The squads, as released, read:
T20Is: Salman Ali Agha (capt), Abrar Ahmed, Faheem Ashraf, Fakhar Zaman, Haris Rauf, Hasan Ali, Hasan Nawaz, Hussain Talat, Khushdil Shah, Mohammad Haris (wk), Mohammad Nawaz, Sahibzada Farhan (wk), Saim Ayub, Shaheen Shah Afridi, Shadab Khan, Usama Mir.
ODIs: Mohammad Rizwan (capt & wk), Babar Azam, Fakhar Zaman, Imam-ul-Haq, Saud Shakeel, Salman Ali Agha, Hasan Nawaz, Mohammad Nawaz, Shadab Khan, Faheem Ashraf, Hasan Ali, Shaheen Shah Afridi, Naseem Shah, Haris Rauf, Usama Mir, Abrar Ahmed.
On paper, the pace battery looks healthy: Afridi, Rauf and Naseem Shah can all touch 145kph, while Hasan Ali offers swing with the new ball. Spin remains more of a patch-work, Shadab’s leg-spin still the main threat, Abrar and Usama both attacking but occasionally wild.
The batting order is harder to pin down, especially in ODIs. Rizwan is likely to open with Imam, freeing Babar to control things at three, yet Hesson is open to sliding Saud Shakeel up to tackle spin early. “I’m not over-thinking it,” the coach said. “Good players adjust.”
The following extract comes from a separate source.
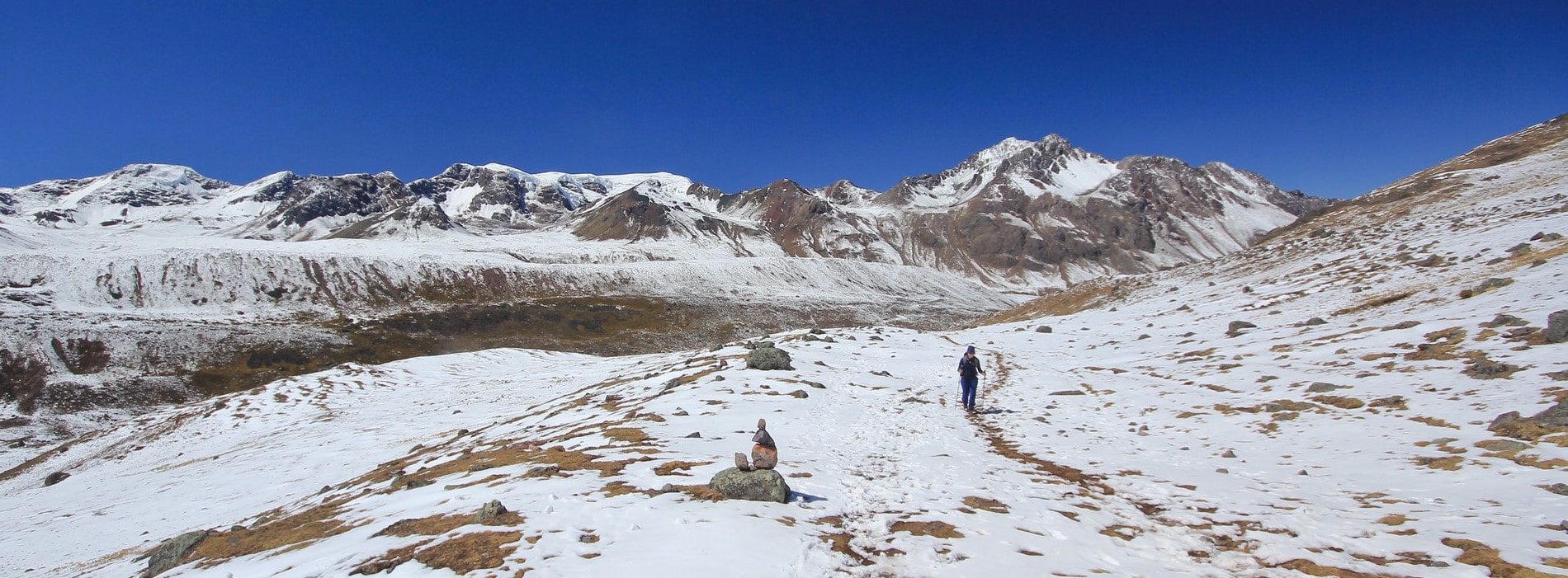After hiking for 1 hour and 30 minutes, we will start hiking up on a switchback trail to the next pass at 5,000 m / 16,404 ft. In which, we will enjoy the very dramatic vistas of Vilcanota range going in different directions, colored hills, and the glacier peaks.

Pakistan land in Miami on 27 July, squeeze in three training sessions, then it all starts again under the Florida heat. It feels relentless, and the squad is young enough to ride that wave. Whether the balance between preparation for a T20 World Cup and keeping the ODI skills alive is quite right, we’ll only find out once the first new ball swings next month.